The Prince-Robbins-Jeffrey Partnership

a) Journal entry to record Jeffrey entrance into the partnership on January 2, 2015:

Debit Capital Account - Prince $72,000

Debit Capital Account - Robbins $18,000

Credit Goodwill $90,000

To record the negative goodwill arising at Jeffry entrance into the partnership.

Debit Cash Account $40,000

Credit Capital Account - Jeffrey $40,000

To record the investment by Jeffrey into the partnership.

b) Allocation of income at the end of 2015:

Prince Robbins Jeffrey Total

Interest 6% $3,480 $6,120 $2,400 $12,000

on new capital

Loss sharing -1,000 -600 -400 -2,000

Net income $2,480 $5,520 $2,000 $10,000

Step-by-step explanation:

a) Data and Calculations:

January 1, 2015: Capital Old Profit sharing ratio

Prince, Capital $130,000 80%

Robbins, Capital 120,000 20%

Total $250,000 100%

Interest on capital = 7% based on beginning capital balances.

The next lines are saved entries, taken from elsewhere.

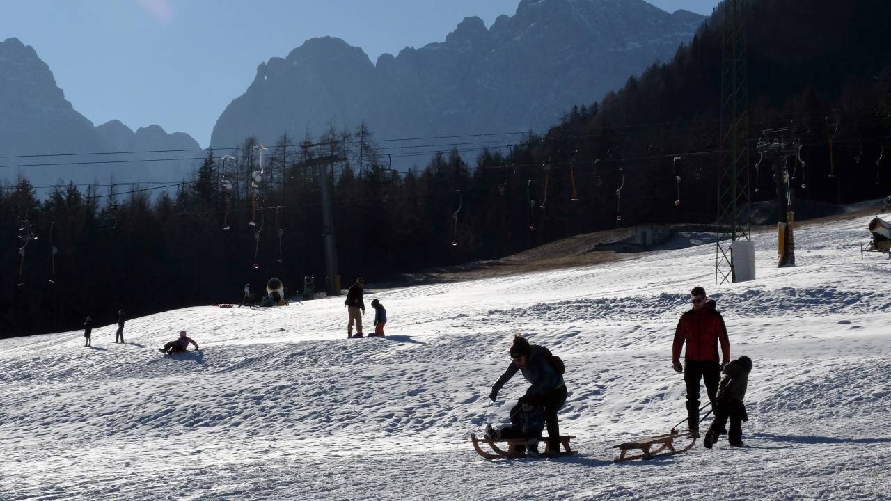 Gostje, ki bivajo v zasebnih namestitvenih kapacitetah, so se po tem, ko se je smučišče zaprlo ter se je smučarska proga pripravila za naslednji dan, sankali na smučarski progi.
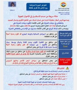 يأتي هذا الطقس وسط تحذيرات بضرورة توخي الحذر أثناء التنقل، خاصة على الطرق المفتوحة، ومتابعة التحديثات الجوية أولًا بأول.
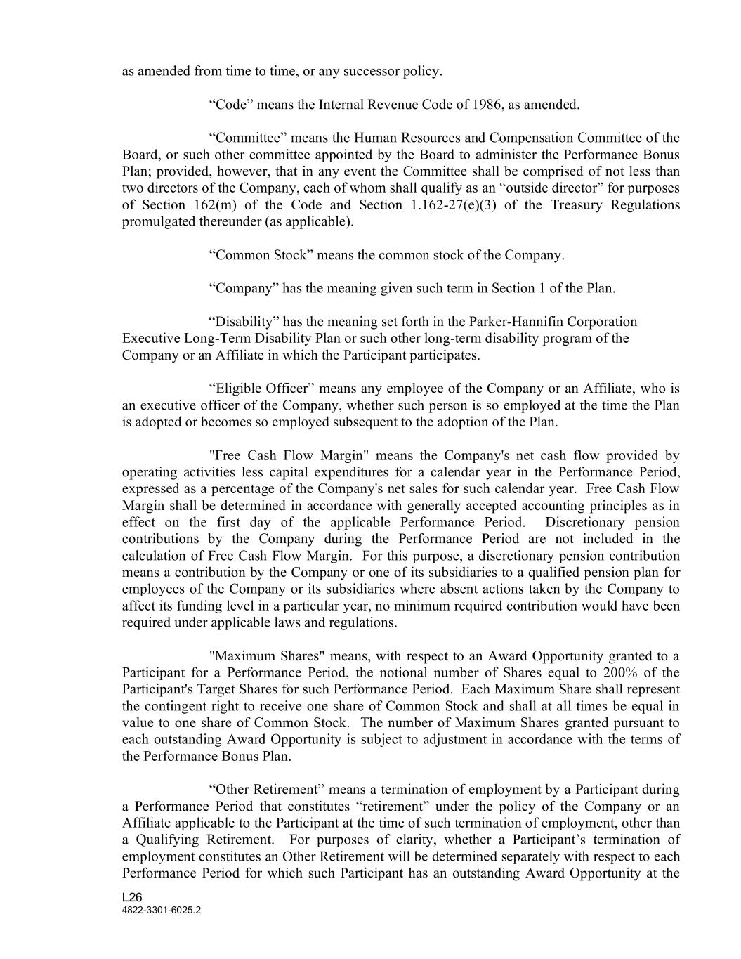 L26 4822-3301-6025.2 as amended from time to time, or any successor policy. “Code” means the Internal Revenue Code of 1986, as amended. “Committee” means the Human Resources and Compensation Committee of the Board, or such other committee appointed by the Board to administer the Performance Bonus Plan; provided, however, that in any event the Committee shall be comprised of not less than two directors of the Company, each of whom shall qualify as an “outside director” for purposes of Section 162(m) of the Code and Section 1.162-27(e)(3) of the Treasury Regulations promulgated thereunder (as applicable). “Common Stock” means the common stock of the Company. “Company” has the meaning given such term in Section 1 of the Plan. “Disability” has the meaning set forth in the Parker-Hannifin Corporation Executive Long-Term Disability Plan or such other long-term disability program of the Company or an Affiliate in which the Participant participates. “Eligible Officer” means any employee of the Company or an Affiliate, who is an executive officer of the Company, whether such person is so employed at the time the Plan is adopted or becomes so employed subsequent to the adoption of the Plan. "Free Cash Flow Margin" means the Company's net cash flow provided by operating activities less capital expenditures for a calendar year in the Performance Period, expressed as a percentage of the Company's net sales for such calendar year. Free Cash Flow Margin shall be determined in accordance with generally accepted accounting principles as in effect on the first day of the applicable Performance Period. Discretionary pension contributions by the Company during the Performance Period are not included in the calculation of Free Cash Flow Margin. For this purpose, a discretionary pension contribution means a contribution by the Company or one of its subsidiaries to a qualified pension plan for employees of the Company or its subsidiaries where absent actions taken by the Company to affect its funding level in a particular year, no minimum required contribution would have been required under applicable laws and regulations. "Maximum Shares" means, with respect to an Award Opportunity granted to a Participant for a Performance Period, the notional number of Shares equal to 200% of the Participant's Target Shares for such Performance Period. Each Maximum Share shall represent the contingent right to receive one share of Common Stock and shall at all times be equal in value to one share of Common Stock. The number of Maximum Shares granted pursuant to each outstanding Award Opportunity is subject to adjustment in accordance with the terms of the Performance Bonus Plan. “Other Retirement” means a termination of employment by a Participant during a Performance Period that constitutes “retirement” under the policy of the Company or an Affiliate applicable to the Participant at the time of such termination of employment, other than a Qualifying Retirement. For purposes of clarity, whether a Participant’s termination of employment constitutes an Other Retirement will be determined separately with respect to each Performance Period for which such Participant has an outstanding Award Opportunity at the
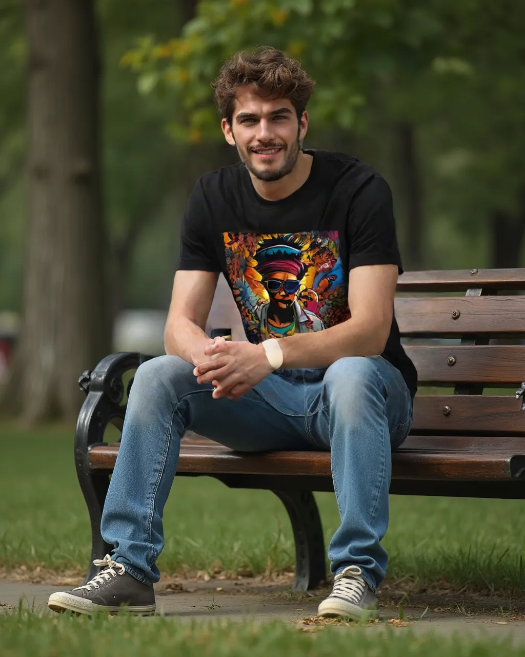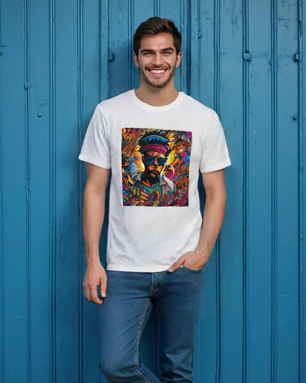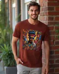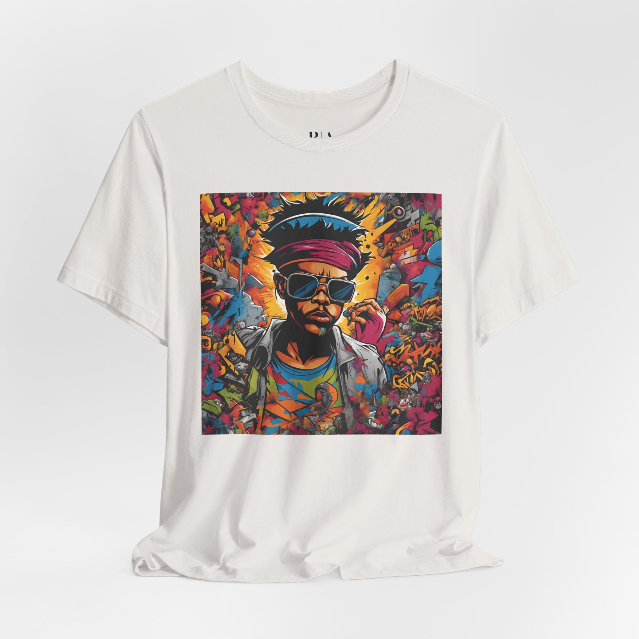 Turn heads with “Colorful Rebel,” a bold t-shirt design that brings urban art to life. Featuring a striking portrait of a character rocking sunglasses and a magenta beanie, this vibrant piece captures the essence of street art. Set against an electrifying graffiti backdrop, every detail bursts with energy and attitude, making it the perfect choice for anyone ready to stand out.

b) Calculation of Negative Goodwill arising from Jerry's admission:

New capital after Jerry's admission = $290,000

Implied capital at Jerry's admission = $40,000/20% = $200,000

Negative goodwill arising = $200,000 - $290,000 = -$90,000

This negative goodwill will be shared by Prince and Robbins to reduce their capital:

Prince = $72,000 ($90,000 * 80%)

Robbins - $18,000 ($90,000 * 20%)

c) New Capital on January 2, 2015:

Capital Negative Goodwill New Profit sharing ratio

Jerry, Capital $40,000 20%

Prince, Capital $58,000 ($130,000 - 72,000) 50%

Robbins, Capital $102,000 ($120,000 - 18,000) 30%

Total capital $200,000 100%

Interest on capital = 6%

d) Jeffrey's admission and ownership of 20% reduced the capital balances of Prince and Robbins by $90,000. There was a negative goodwill arising from his admission into the partnership. This negative goodwill is shared between the old partners in their old profit-sharing ratio.